| Prompt |
Only one span of the listing below is wanted: the lines from the one with "شاهد إعلانات في" through the one with "Zeblaze Ares Smart", reproduced exactly, both ends kept.

| Task input |
== == ==
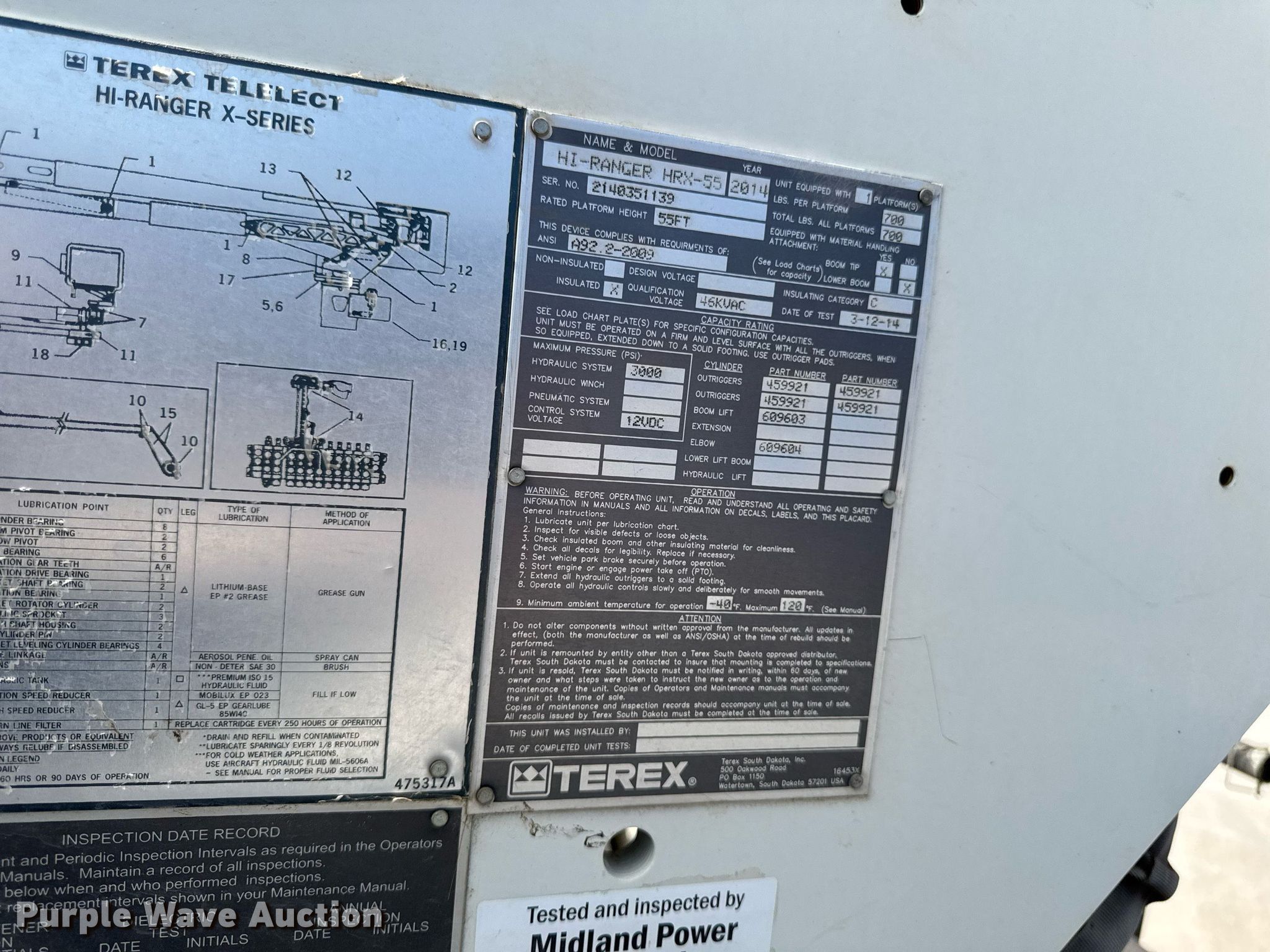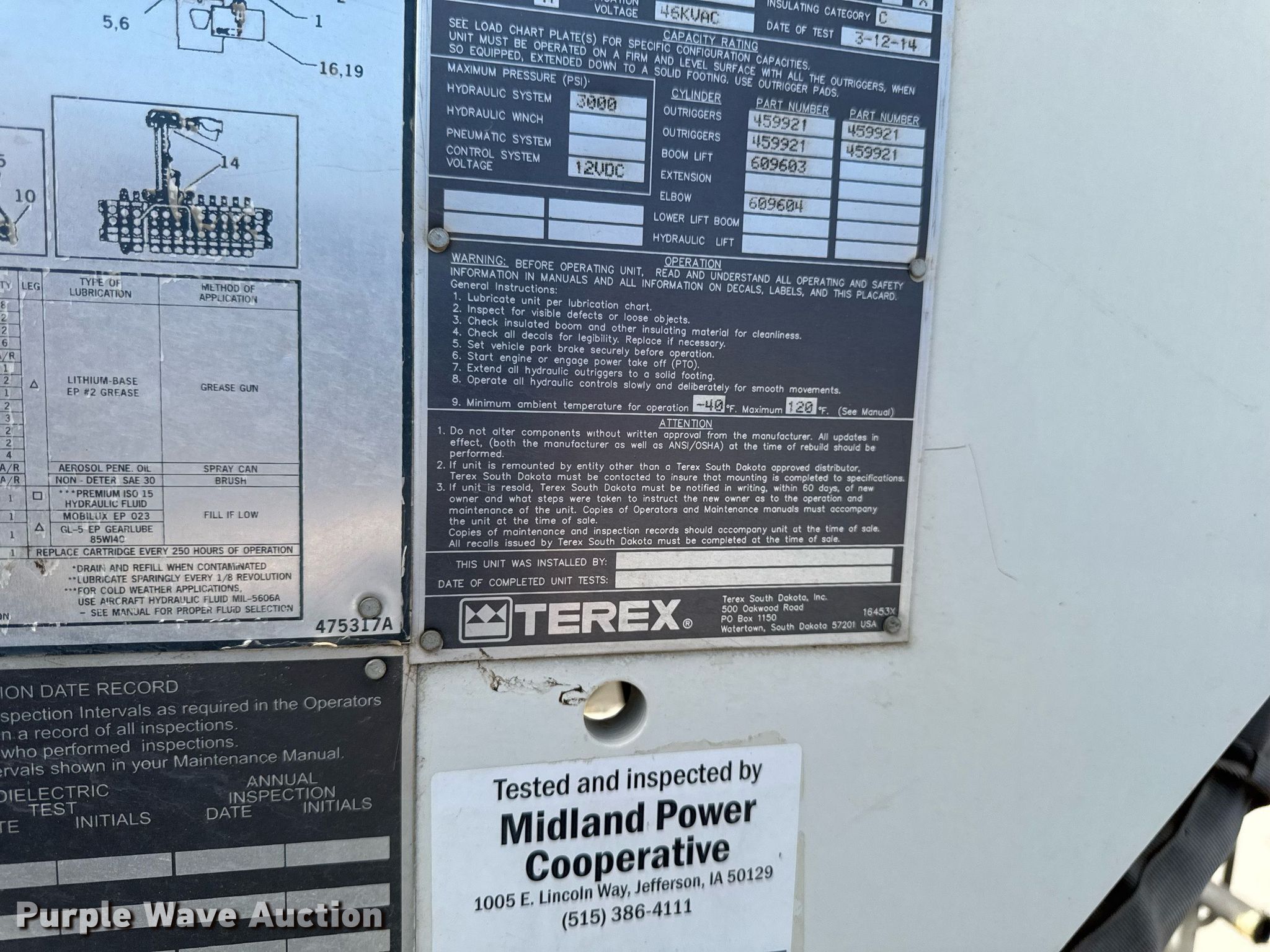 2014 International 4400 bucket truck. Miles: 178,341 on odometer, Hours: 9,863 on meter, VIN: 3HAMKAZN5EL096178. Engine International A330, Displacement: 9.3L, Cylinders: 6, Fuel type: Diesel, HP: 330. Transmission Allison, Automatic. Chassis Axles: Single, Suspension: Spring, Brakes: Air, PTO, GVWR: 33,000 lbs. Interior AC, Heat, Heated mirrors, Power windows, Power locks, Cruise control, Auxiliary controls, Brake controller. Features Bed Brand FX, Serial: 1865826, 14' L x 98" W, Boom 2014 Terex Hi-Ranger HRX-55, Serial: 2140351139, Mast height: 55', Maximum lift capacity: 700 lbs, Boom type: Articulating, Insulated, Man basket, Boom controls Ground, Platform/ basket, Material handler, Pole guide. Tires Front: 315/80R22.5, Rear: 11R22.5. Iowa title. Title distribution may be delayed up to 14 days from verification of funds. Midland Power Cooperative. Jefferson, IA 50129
== == ==
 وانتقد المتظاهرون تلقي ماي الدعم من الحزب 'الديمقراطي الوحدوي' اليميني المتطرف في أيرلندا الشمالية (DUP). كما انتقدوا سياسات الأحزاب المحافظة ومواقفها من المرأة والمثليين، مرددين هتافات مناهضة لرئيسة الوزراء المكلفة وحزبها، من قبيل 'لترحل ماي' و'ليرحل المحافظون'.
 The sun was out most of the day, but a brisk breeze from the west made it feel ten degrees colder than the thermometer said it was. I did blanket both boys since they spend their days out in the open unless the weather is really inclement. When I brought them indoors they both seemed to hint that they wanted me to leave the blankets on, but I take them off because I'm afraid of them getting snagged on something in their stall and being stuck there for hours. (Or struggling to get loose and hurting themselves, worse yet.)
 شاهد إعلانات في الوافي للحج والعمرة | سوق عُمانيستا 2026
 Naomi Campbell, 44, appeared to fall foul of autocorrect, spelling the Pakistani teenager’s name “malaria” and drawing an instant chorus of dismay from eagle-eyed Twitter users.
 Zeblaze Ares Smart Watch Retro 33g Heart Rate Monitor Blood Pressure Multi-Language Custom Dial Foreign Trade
== == ==
| Result below |
 شاهد إعلانات في الوافي للحج والعمرة | سوق عُمانيستا 2026
 Naomi Campbell, 44, appeared to fall foul of autocorrect, spelling the Pakistani teenager’s name “malaria” and drawing an instant chorus of dismay from eagle-eyed Twitter users.
 Zeblaze Ares Smart Watch Retro 33g Heart Rate Monitor Blood Pressure Multi-Language Custom Dial Foreign Trade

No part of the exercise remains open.